The Kenyan Capital Markets Authority (CMA) is aiming to introduce electronic initial public offerings (e-IPOs) as part of an effort to attract public listings, including for chief executives of companies that have been delisted or suspended in a new purge carry out the image of securities governance.

The markets regulator says through the Draft Capital Markets (Public Offers & Listing of Securities) Regulations, 2022, it is reviewing rules governing IPOs and operations of publicly traded companies, which have been blamed in part for the country’s IPO drought.

The review aims to attract more firms and investors to the Nairobi Securities Exchange (NSE), which operates largely at the mercy of foreign investors and five big firms, posing a huge concentration risk.

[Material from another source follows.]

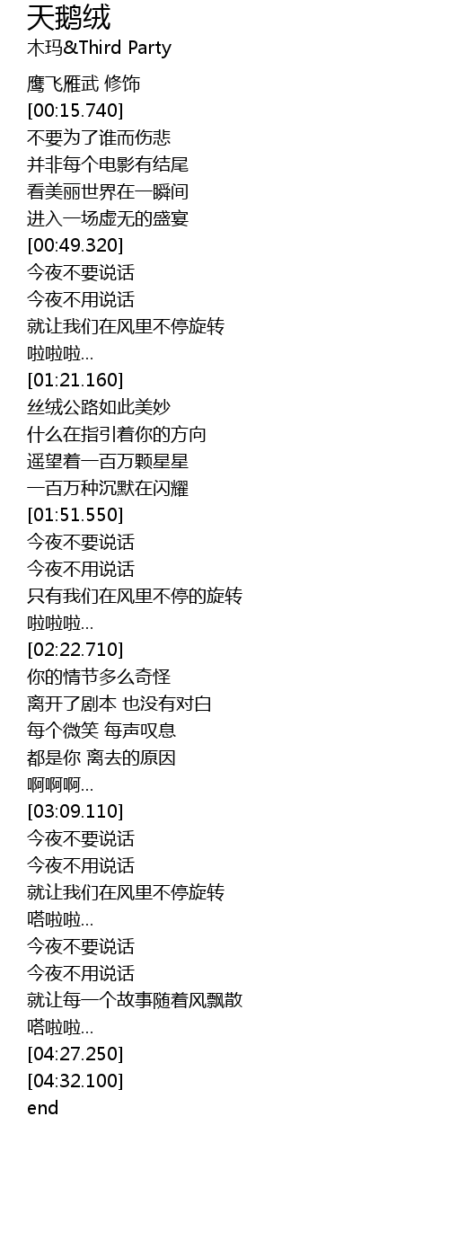 | [03:39.630] | jīn yè bú yào shuō huà |

According to the draft regulation; Companies, directors and officers of suspended or delisted companies will be held accountable for their company’s problems, and the suspension or delisting does not end ongoing legal proceedings against them.

Companies wishing to delist their shares must make an exit offer to minority shareholders and holders of other classes of listed securities to be delisted to ensure that investors who have bought and held securities based on the listing are not through coercion unlisted securities are restricted for holding.

“The exit offer must be fair and reasonable and include a cash alternative as the default alternative, and the issuer must appoint an independent transaction adviser to advise on the exit offer and the independent transaction adviser must be of the opinion that the offer is fair and reasonable,” the issuer said Draft regulation state.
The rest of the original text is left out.